Another Coleman Lantern for Preps

Yeah, yeah, I know. It's a sickness. We're having neighborhood garage sale through the end of the week-end and my neighbor called last night and said he had a Coleman lantern I could have first shot at. He wanted $3 but it's a garage sale so I haggled with him and finally settled on $5. It's a May, 1972 model 200A.

If you pick any of these up here are a couple of tips for you.

1. Tap the tank. If it rings then it's a good empty tank. If it thunks, then it either has rust or fuel in it. Take the cap off. If there's no fuel, put it down and walk away. If you can see that it has slight rust inside then dump 40-60 BBs and a little fuel in it and shake the daylights out of it. The BBs will shine it right up. The hardest part of this is getting the BBs back out.
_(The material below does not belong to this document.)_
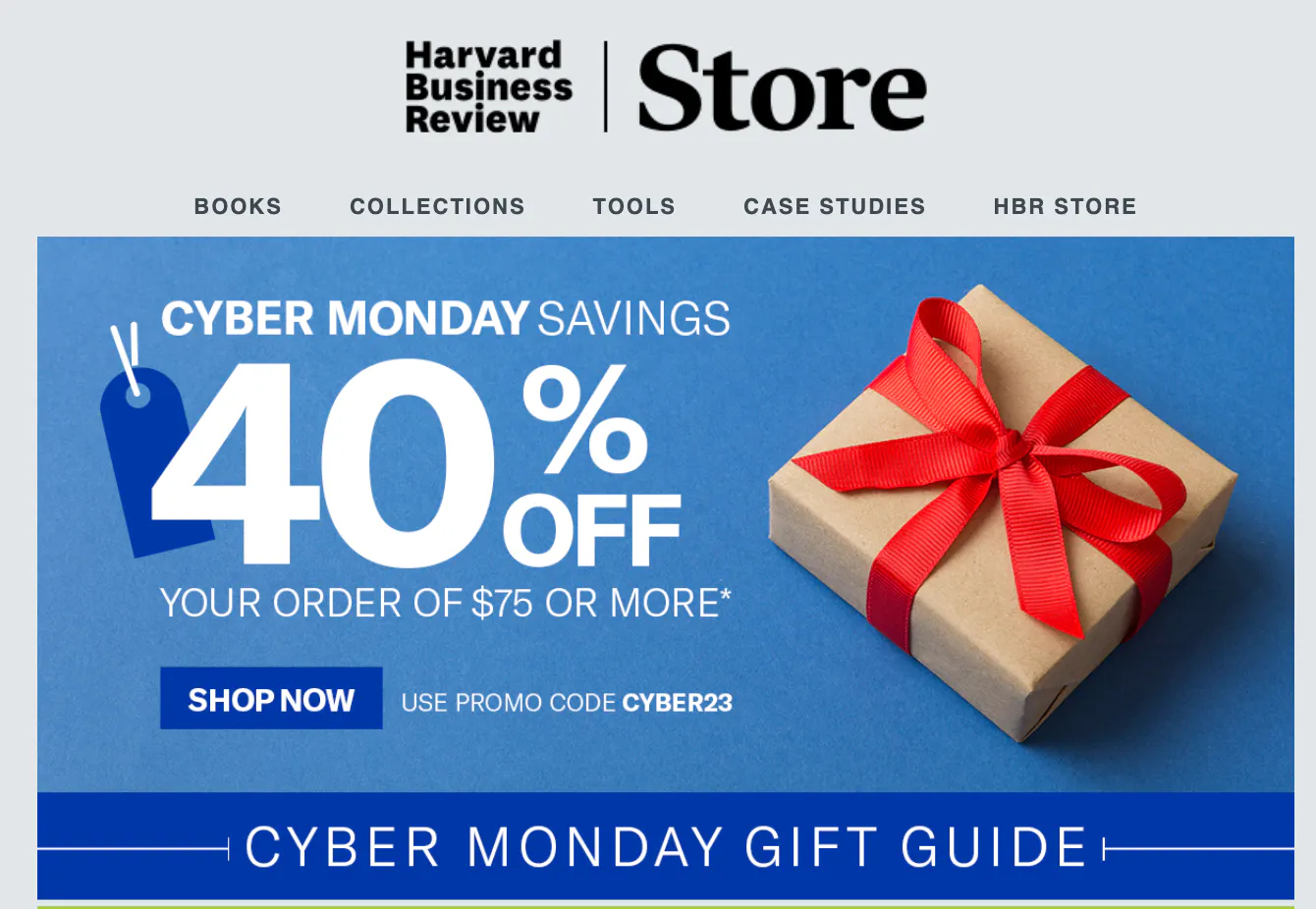 Email promos from Harvard Business Review offer deep discounts for users who have shown intent by previously engaging with their content.

2. Always check the air intake tube. It's a favorite spot for spiders to build nests and they will choke the airflow right off. I've found about half of the lanterns have them. I use some braided automotive wire, skin about a 1/4 inch or so and bend the wires backwards. I insert it into the fresh air tube and it will clean out any webs inside. If the lantern flares up and won't burn correctly, suspect a spider web.

3. Never store a lantern with gas inside the tank. For some reason it causes moisture and the tank will rust. Always empty the tank and let it dry out before storing it.

Here are some before and after pics of the latest addition to the preps family.

As purchased....



After about an hour. Completely disassembled, cleaned and reassembled.



And what it's supposed to do...

1 comment:

  1. It's a pretty 200a. I've got an ugly, raggedy dead paint burgundy that makes me happy. Other lanterns might be "better" but I love the 200a the most.